Dream Team Girls Coach of the Year: Montgomery led Mustangs' turnaround

Mar. 22—HARROD — Aaron Montgomery chuckled when he thought about how much he didn't know about Allen East girls basketball just three years ago.

He didn't know the Mustangs only had four winning seasons in the past 15 years. He had to introduce himself to the players during a summer league game at Waynesfield-Goshen and kept asking the players' names and grades. He barely realized the Mustangs only won three games the year before he arrived.

"When I first took over, I really didn't know what I was getting myself into," said Montgomery, who came to Allen East after several years on and off as an assistant coach for Kenton's boys basketball team. "You see the record maybe, but I had no idea. I was kind of just going in blind."

But once he met those players, he didn't see a perennial loser. He saw potential.

"The thing that stood to me that day was how willing they were to work, how hard they played, and just the way they listened," Montgomery said.

In his third year with the Mustangs, they tied a school record with 21 wins.
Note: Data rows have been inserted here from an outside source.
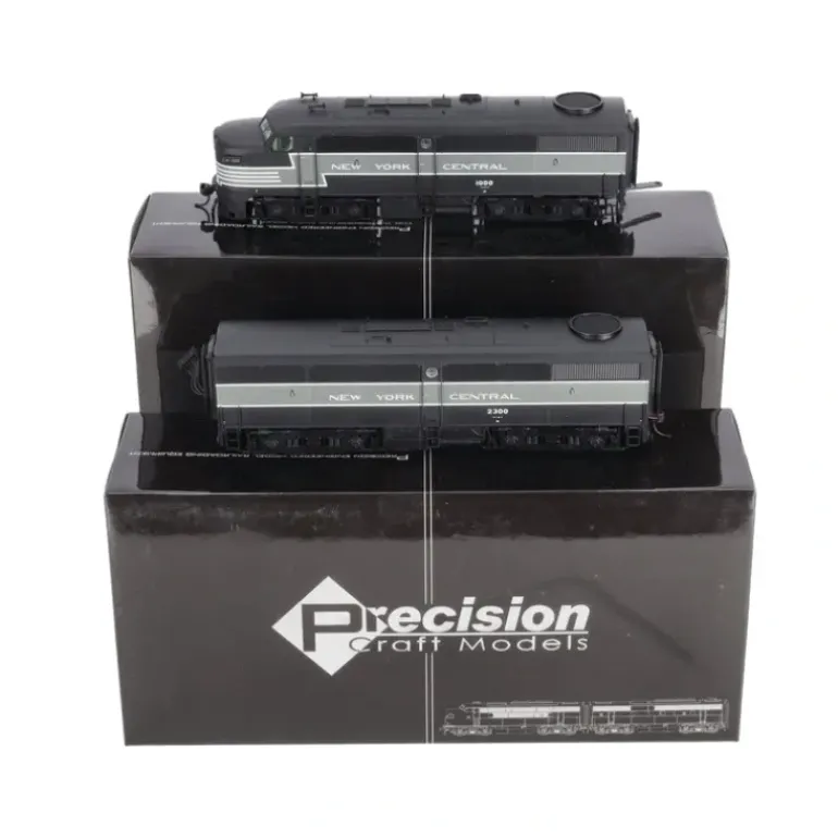Here is a Precision Craft Models 263 HO NYC ALCO FA/B Diesel Set #1000/2300 w/ DCC & SND. These cars feature plastic construction, headlight, a motor, DCC controls, sounds, plastic trucks, metal wheels and axles, and knuckle couplers.
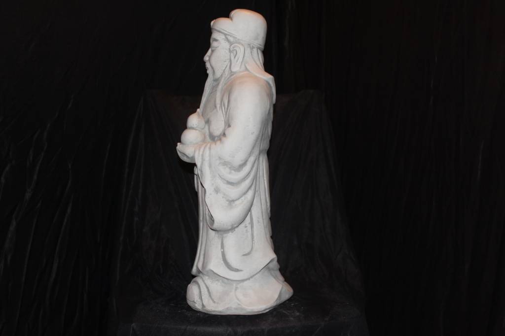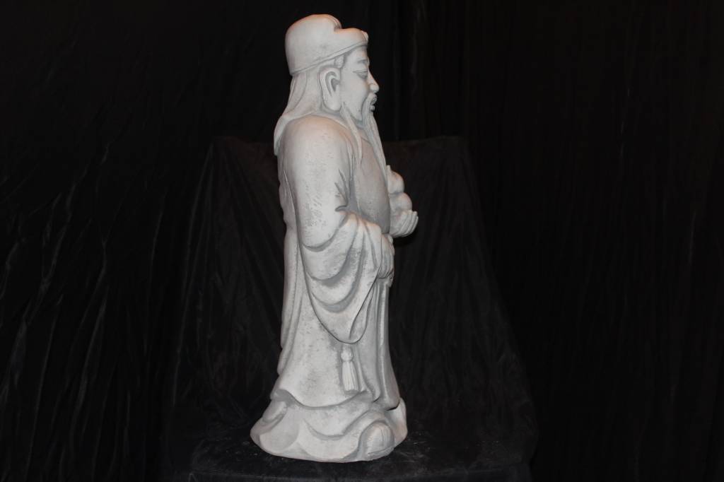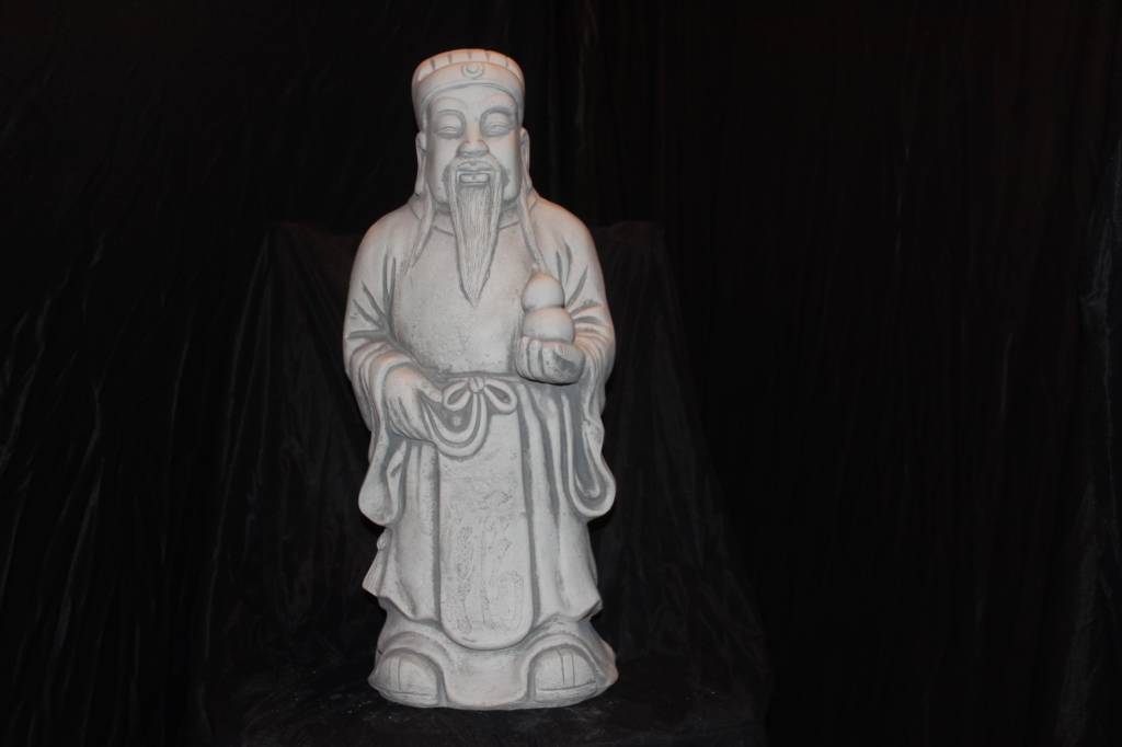 Dit betonnen beeld van de Chinese geluksgod Shou Xing symboliseert een lang, gezond en gelukkig leven. Hij is te herkennen aan zijn lange voorhoofd, staf en perzik van onsterfelijkheid. Samen met Fu Xing en Lu Xing vormt hij de bekende drie-eenheid van Chinese geluksgoden. Dit beeld is met oog voor detail gegoten in beton en geschikt voor plaatsing binnen of buiten. Of je hem nu naast de voordeur zet of bij een rustig hoekje in de tuin, hij zorgt voor een gevoel van rust en welzijn.
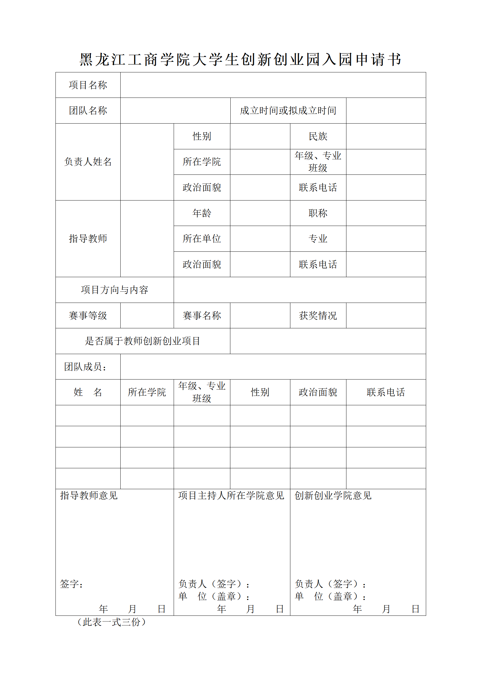 m体育【中国】股份有限公司大学生创新创业园入园申请书
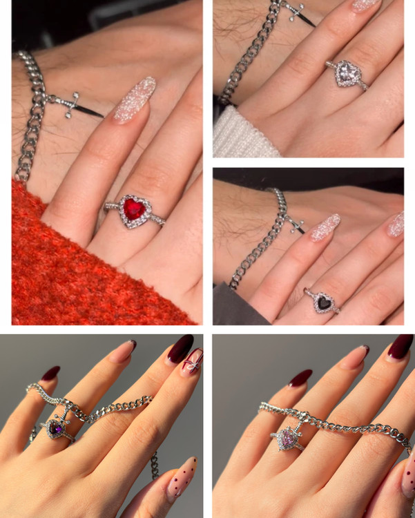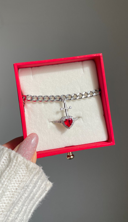 ست دستبند و انگشتر قلب و شمشیر رنگبندی
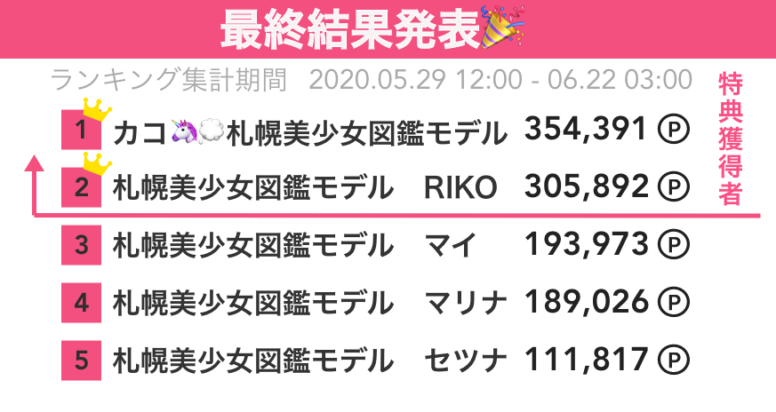 1.各キャストごとに、動画応援ランキング上位2名(1位・2位)のユーザーへ

Instead of picking up just three wins, they only had three losses, setting a school record. They advanced to the district championship before falling to Northwest Conference champion Delphos Jefferson.
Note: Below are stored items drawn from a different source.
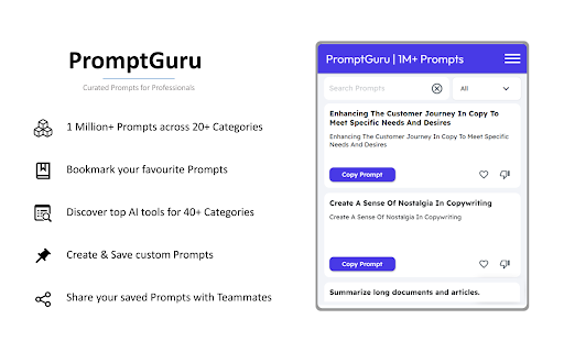 PromptGuru for ChatGPT, Bard & 100+ Tools
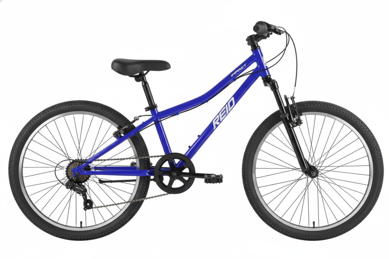 The Reid Impact, a 24″ wheel kids’ mountain bike, seamlessly blends affordability with a premium feel. Crafted with sleek steel tubes, this entry-level bike features a 7-speed Shimano gear system and powerful V brakes, offering kids a taste of versatility and safety. At an accessible price point, the Impact provides a sophisticated look without compromising on quality.
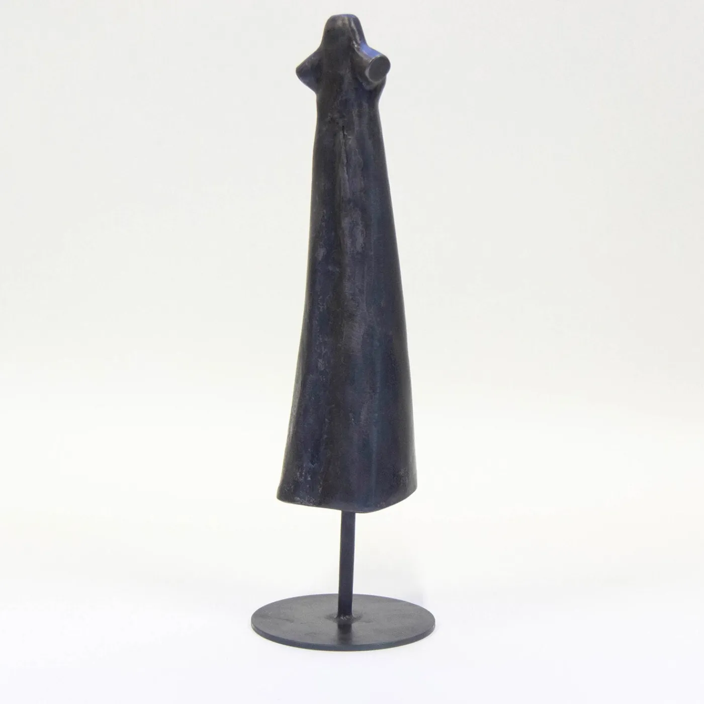 Controparte della scultura “Fat Woman N.5”, questa singolare opera esplora ulteriormente il carattere relativo della bellezza. Una tranquilla base in tondino sostiene la sua sottile e stilizzata silhouette antropomorfa, ottenuta modellando un’unica lastra di ferro direttamente sull’incudine. Con questo significativo oggetto d’arte, l’artista Lorenzo Quadalti afferma che la bellezza non sta nelle icone da imitare, ma nella ricerca di dettagli unici.
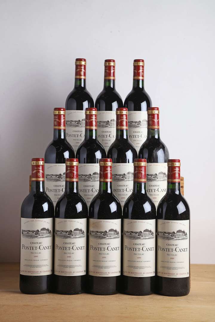 12 B CHÂTEAU PONTET-CANET (Caisse Bois d'origine) (1 e.t.h. légères) - 1990 - GCC5 Pauillac
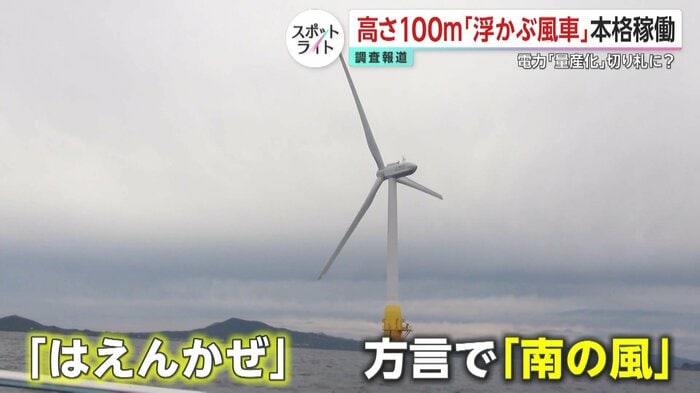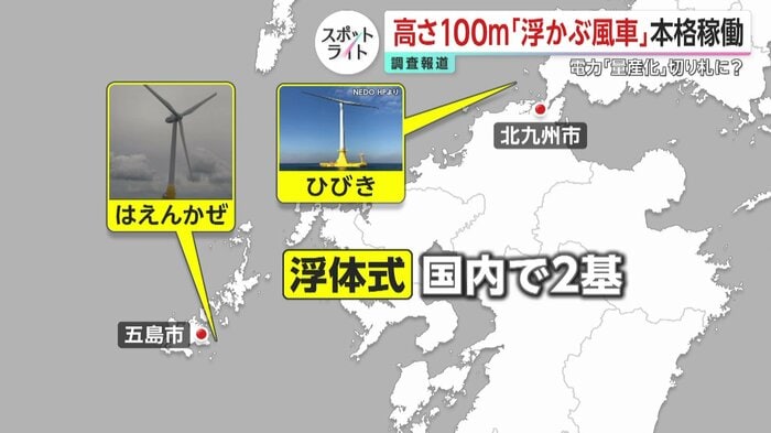 洋上風力発電には、風車を海底に固定させる「着床式」と、海に浮かべる「浮体式」がある。着床式が主流で、浮体式で商用運転しているのは、国内では「はえんかぜ」と北九州沖の「ひびき」の2基のみ。

"We kind of knew the effort it was going to take, and it wasn't going to be easy because we lost two seniors who were so valuable to us last year. We had some holes to fill," Montgomery said.

The Mustangs certainly stepped up. Rilynn Jones, a 5-foot-7 junior guard, averaged 16.3 points per game with 3.1 rebounds and 3.7 steals, earning all-Northwest Conference and first-team all-Northwest Ohio. Savanna Brooks, a 5-8 senior forward, tallied 14.4 points and 4.3 rebounds per game, on her way to a first-team NWC and second-team all-district year.

"I feel like we've definitely proven ourselves," Brooks said earlier this year. "Allen East basketball is never looked at as a good team, and proving them wrong by winning big games really helps."

In the process, Allen East picked up back-to-back winning seasons, going 17-7 last year and 21-3 this year, and introduced a style of girls basketball built on frustrating ballhandlers with tight defense and playing physically.

"We teach constant pressure," Montgomery said. "We want to make other teams feel uncomfortable. We're OK with being comfortable when someone else is uncomfortable. ... It's something that they've really bought into is that mindset of I'm going to pressure you. I'm going to get up in you, and I'm going to get a steal, or we're going to make you work for every opportunity."

With that mentality baked into every practice, the Mustangs became pros at dribbling through pressure when they were on offense. Montgomery said he knew he could be a tough coach but prided himself on teaching accountability, saying it's a valuable life skill.

He was proud of several players who will continue playing sports in college, with Brooks playing basketball at Ohio Northern, Soraya Jackson playing volleyball at Ashland University, and Aubrey Young playing soccer at Indiana Tech.

"I'm happy for our kids who get to experience the next level," Montgomery said. "I hope that when they get there and their coaches in their respective sports are giving them instruction, they're thinking back to, 'Yeah, I remember when coach Montgomery said something like this.'"

Montgomery said he was disappointed by the finish in the district finals, saying the Mustangs were "flat" in the game, but he was proud of a second-half comeback effort by his team. They're not done changing the culture of what it means to be a Mustang basketball player just yet.

"I think our kids are going to be hungry. The younger girls are going to be hungry to get back and experience something like that," Montgomery said. "That's always the goal, to make a run in the tournament."